15 Sep 2008
Researchers have made the first, chemically inert, biocompatible silicon carbide quantum dots for fluorescence imaging of living cells.
The first biocompatible silicon carbide QDs for fluorescence imaging have been fabricated by a team of scientists in France. The result is a major advance since all quantum dots used for imaging so far were toxic to cells (Applied Phyics Letters 92 173902).
Quantum dots based on II-IV and III-IV group semiconductors are used for in vitro imaging of biological cells because of their remarkable luminescent properties. They can be tagged onto cells and their fluorescence measured. The only problem is that these quantum dots are highly toxic to cells, which means that they have to be coated with a protective layer, such as a polymer, before they can be employed. However, no protective layer is really good enough to completely shield cells.

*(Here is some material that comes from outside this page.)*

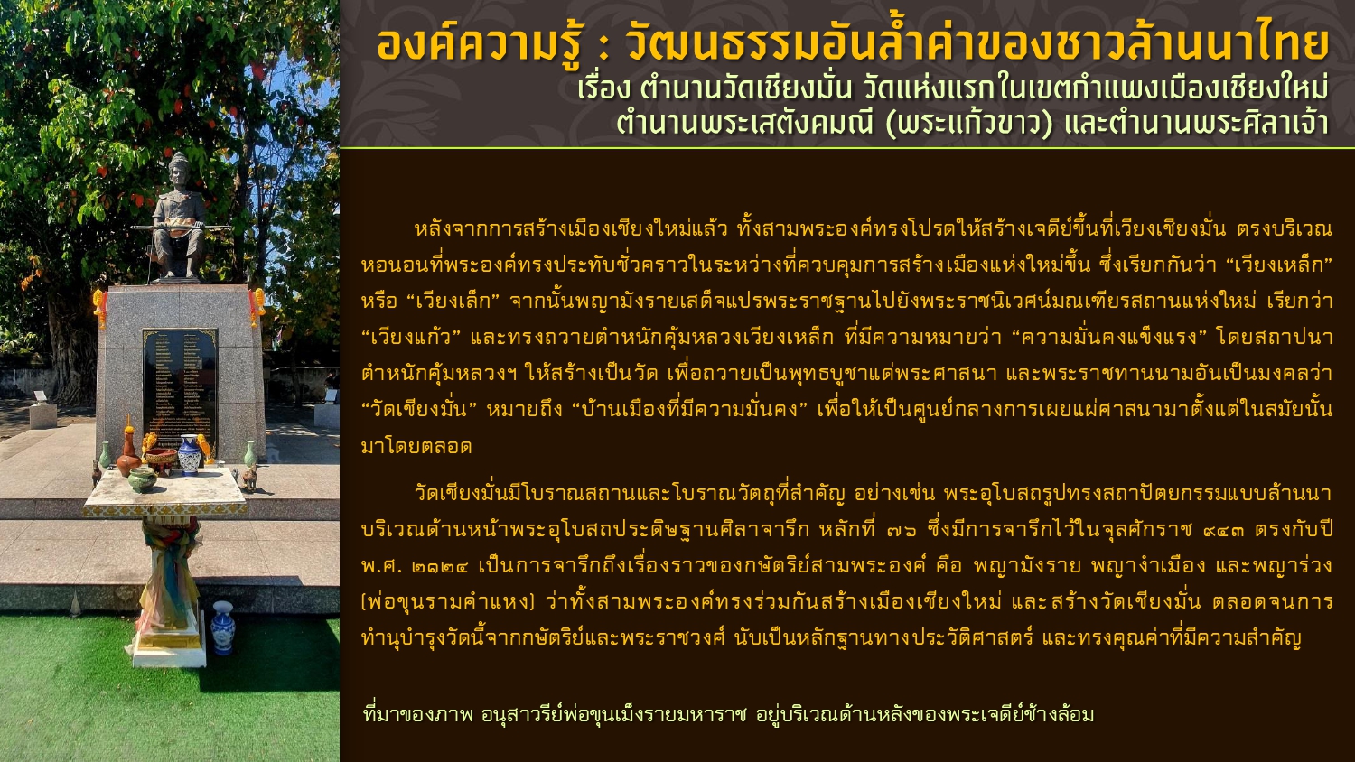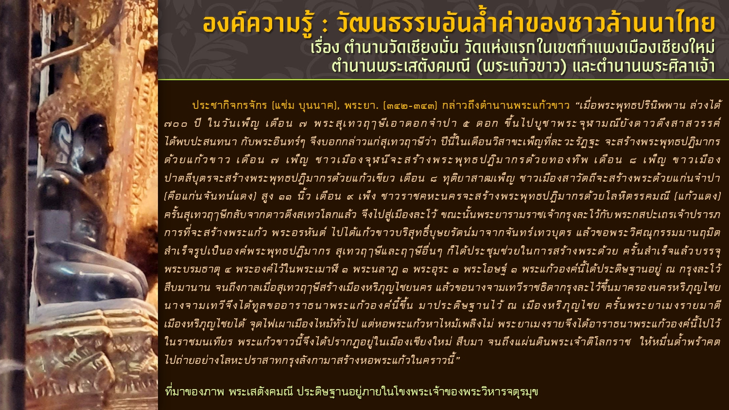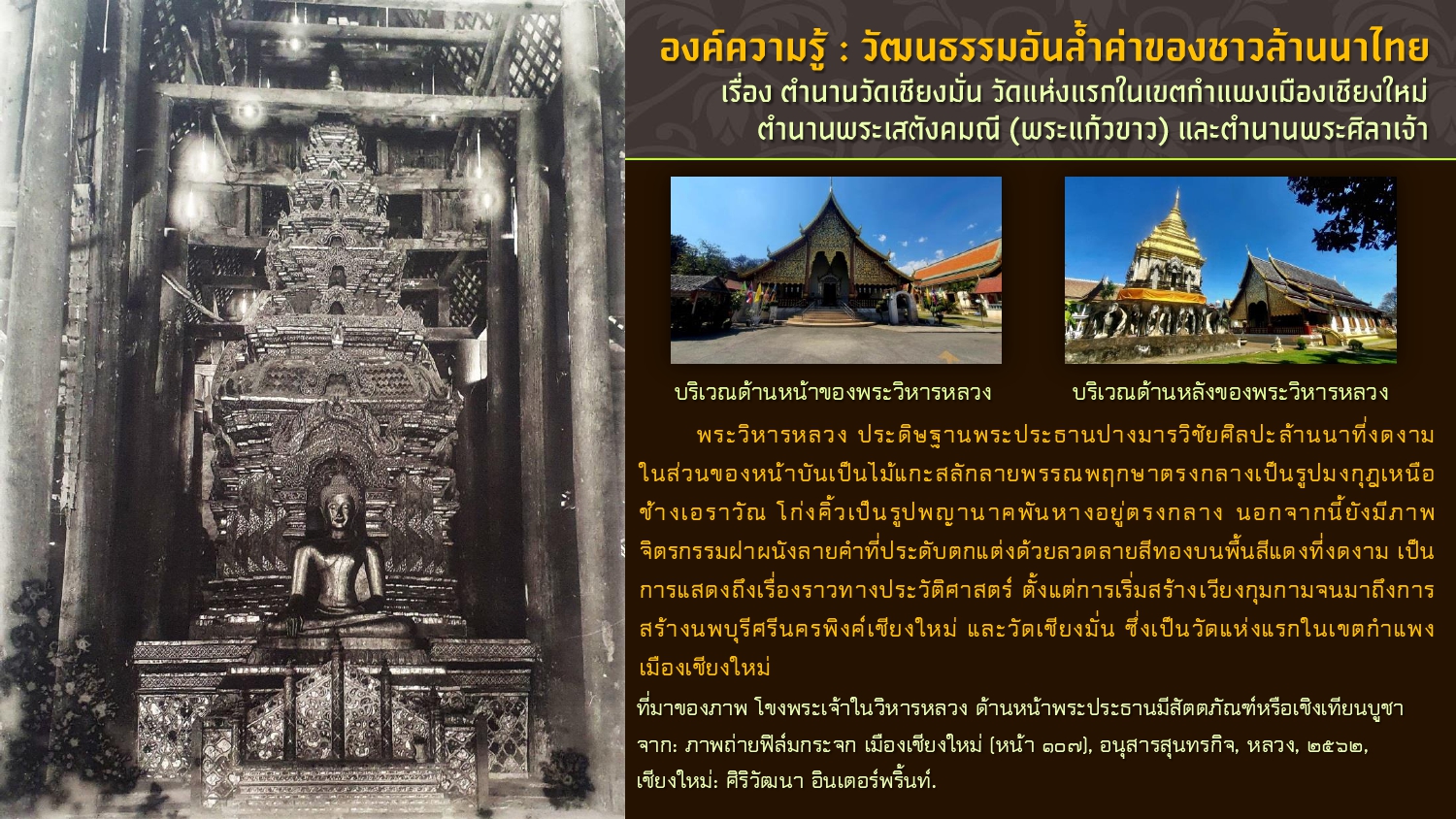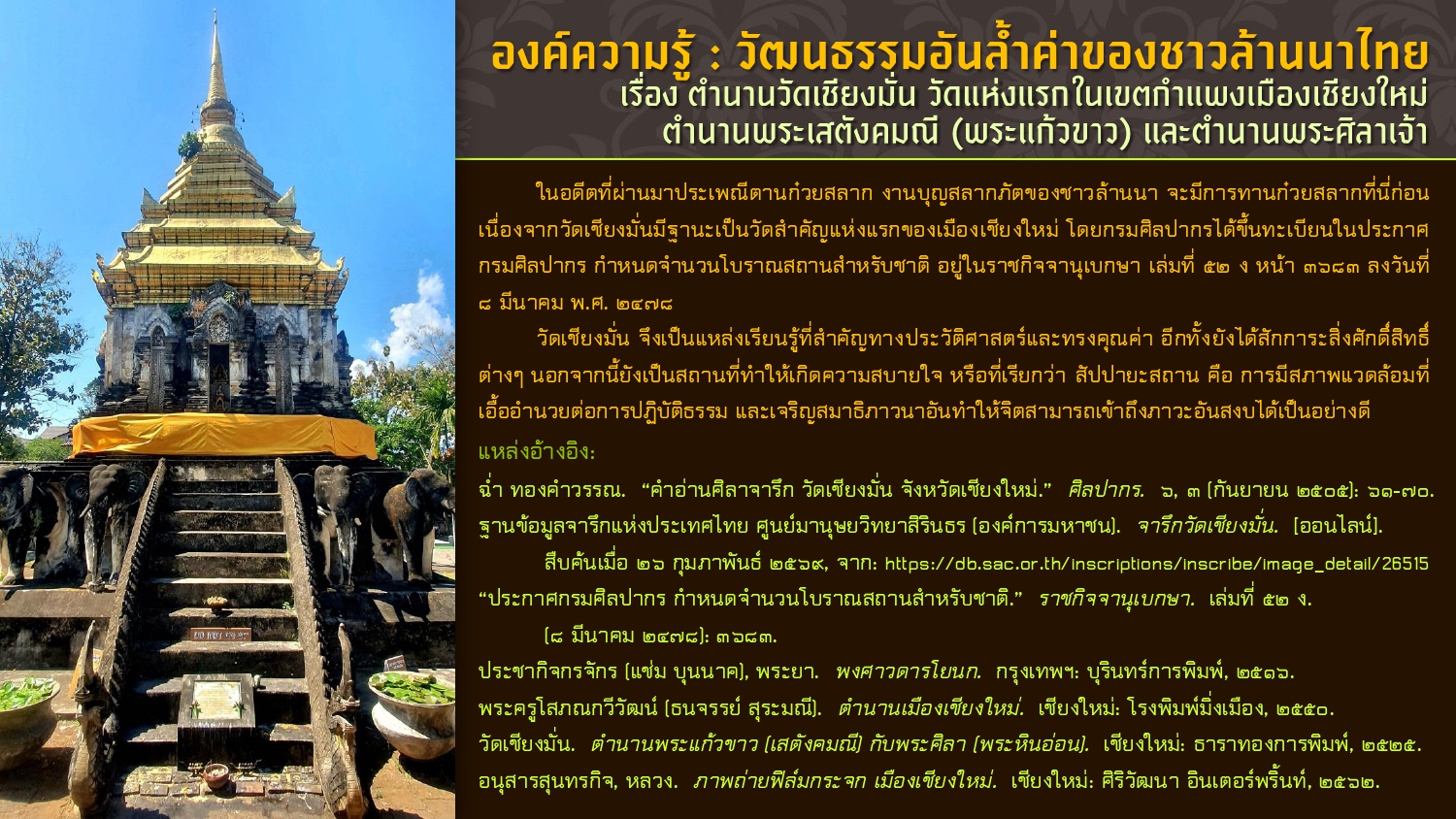 เรียบเรียงโดย : นายธีรบูลย์ มิตรมโนชัย นักวิชาการโสตทัศนศึกษาชำนาญการ หอสมุดแห่งชาติรัชมังคลาภิเษก เชียงใหม่ สำนักศิลปากรที่ ๗ เชียงใหม่ กรมศิลปากร กระทรวงวัฒนธรรม

Now, Jacques Botsoa of the Institut des Nanotechnologies in Lyon and colleagues may have found a solution to this problem. The silicon carbide quantum dots that the researchers used are highly luminescent, chemically inert, stable and biocompatible. They could be used to bio-image and label living cells as well as study the mechanisms of quantum transport through cells and nuclear membranes.
Botsoa and co-workers made their quantum dots (QDs) by electrochemical anodization etching of low resistivity grade bulk 3C-SiC polycrystalline wafer. A porous layer formed that was then removed from the substrate and ground into a powder. This powder was dispersed in Krebs buffer solution and centrifuged to produce a stable colloidal suspension containing only very small and uniformly dispersed nanoparticles that measured around 1–4 nm across.
These QDs have dimensions smaller than the Bohr diameter of the exciton (around 5.4 nm) and exhibit highly efficient "above-gap" luminescence thanks to quantum confinement.
To test their QDs, the researchers added the suspension to cell cultures of 3T3-L1 fibroblasts. After incubation overnight, the cells were rinsed twice in Krebs buffer and cell luminescence was observed using a fluorescence microscope under UV/blue light excitation (see figure).
The team says that it would now like to study the accumulation kinetics of the QDs inside living cells.